Immune checkpoint therapy, mainly including anti-CTLA-4 therapy and anti-PD-1/PD-L1 therapy, which targets regulatory pathways in T cells to enhance antitumor immune responses by blocking the inhibitory signals of the immune system. This therapy has led to important clinical advances and provided a new weapon against cancer, and has elicited durable clinical responses and, in a fraction of patients, long-term remissions where patients exhibit no clinical signs of cancer for many years.
The world's first PD-1 inhibitor, Opdivo was developed in 2004. By the end of 2018, the FDA approved six PD-1/PD-L1 mAbs and three PD-1 inhibitors. Why is PD-1/PD-L1 always attracting researchers’ attention, and the heat is lasting?
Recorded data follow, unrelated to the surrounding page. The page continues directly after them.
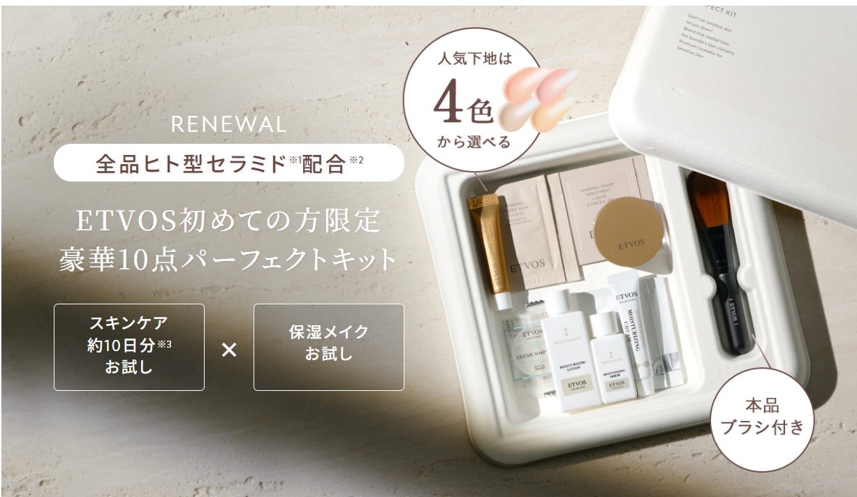 国産ミネラルファンデーションとセラミドスキンケアで人気のエトヴォスが、スキンケアもメイクも一度にお試しできるように リニューアルした豪華なスターターセット。
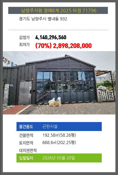 | 건물면적 | 192.58㎡ (58.26평) | 채무자 | 에** | 최저가 | (70%) 2,898,208,000 |
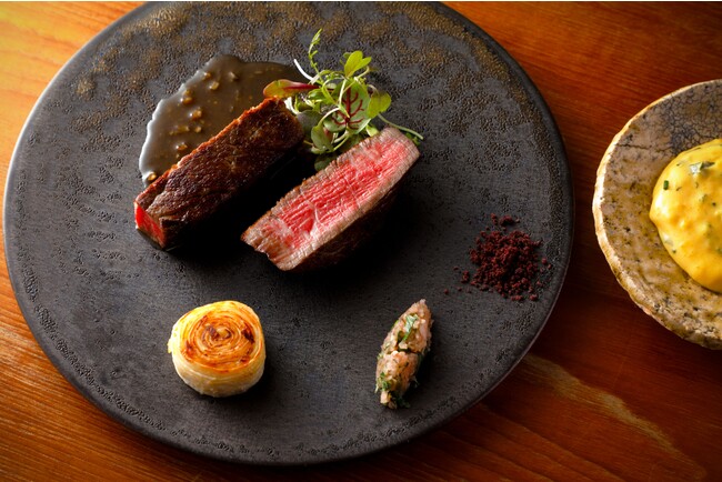 シグネチャーメニューのハイライトとして、関西地域で最もエクスクルーシブな近江牛のテンダーロインと、極上の熟成肉で知られる京都の「京中」からの熟成リブロースをご用意します。卵黄のサバイヨンソースは京都のくるみオイルを少量加え、お一人ずつ、召し上がる直前にお客様の目の前で仕上げてご用意いたします。卵黄のサバイヨンソースや紫黒米(古代米)を原材料にしたロゼワインを思わせる日本酒「伊根満開」と、赤ワインを合わせて炊き上げたお塩で、多彩な香り、味わいとともに最高級の和牛をご堪能ください。
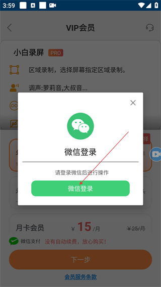 4、点击【下一步】后会弹出【微信登录】窗口,需登录微信后才能继续完成VIP会员的购买流程。
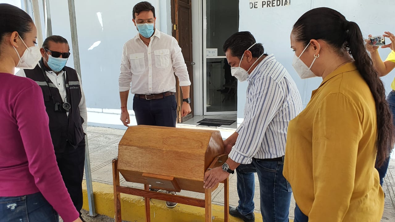 El sorteo se llevó a cabo esta mañana a un costado del Palacio Municipal, en presencia del secretario municipal, Alfredo Salazar Rojo y la síndico municipal, Elda Hevia Li y con la participación de la ciudadana Sugelly Huchin Carrillo, quien fungió como intermediaria para sacar los tres folios ganadores.
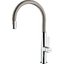 Выходит в титановой отделке и выглядит словно изделие с металлическим оттенком — плавные, сдержанные линии и ровная поверхность благодаря PVD-покрытию. Высокий поворотный излив подчеркивает вертикальную протяженность корпуса и оставляет пространство над раковиной, а сдержанная палитра делает прибор заметным, но не навязчивым в интерьере.
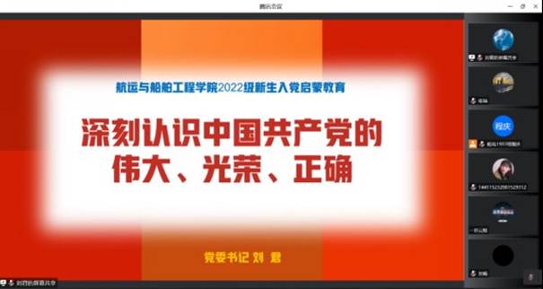 为进一步引领广大航运学子坚定不移听党话、跟党走,努力成长为中国特色社会主义事业的合格建设者和可靠接班人。2022年10月10日,伟德国际bevictor1946面向2022级全体新生,组织开展以“弘扬革命精神,点亮入党初心”为主题的党团教育活动。
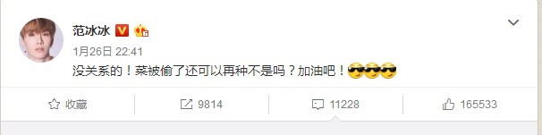 当晚,范冰冰官网搜范冰冰范冰冰发文鼓励弟弟“没关系的!菜被偷了还可以再种不是吗?加油吧!”。面对姐弟看俩人的“偷菜”言论,网友直呼你们还在玩QQ农场吗?!

In this article, we illustrate this issue from this following sections:
2. The signaling pathway of PD-1/PD-L1
3. PD-1/PD-L1 and therapy of cancer
Programmed death receptor-1 (PD-1), also known as cluster of differentiation 279 (CD279), is a member of the CD28 superfamily and is a type I transmembrane protein composed of 268 amino acids. It was discovered in 1992 by Professor Tasuku Honjo and colleagues at Kyoto University in a screen for gene involved in apoptosis. It can be expressed on the surface of immune cells such as T cells and B cells.
However, when T cells were not activated, PD-1 was hardly expressed, and PD-1 was expressed on the surface of T cells only after T cell activation.it has a role in regulating the immune system's response to the cells of the human body by down-regulating the immune system and promoting self-tolerance by suppressing T cell inflammatory activity [1] [2].
Programmed death-ligand 1 (PD-L1), also known as B7-H1, was first discovered by Chinese scholar Professor Chen Lieping in 1999 as the third member of the B7 family. Subsequently, B7-H1 was renamed Programmed Death Receptor Ligand-1, because it was identified as a ligand of PD-1, and several human cancer cells expressed high levels of B7-H1 by Tasuku Honjo and Gordon Freeman of Harvard Medical College. And blockade of B7-H1 reduced the growth of tumors in the presence of immune cells. At that time it was concluded that B7-H1 helps tumor cells evade anti-tumor immunity [3] [4].
PD-L1 is a 40kDa type 1 transmembrane protein that has been speculated to play a major role in suppressing the adaptive arm of immune system during particular events such as pregnancy, tissue allografts, autoimmune disease and other disease states such as hepatitis. Normally the adaptive immune system reacts to antigens that are associated with immune system activation by exogenous or endogenous danger signals.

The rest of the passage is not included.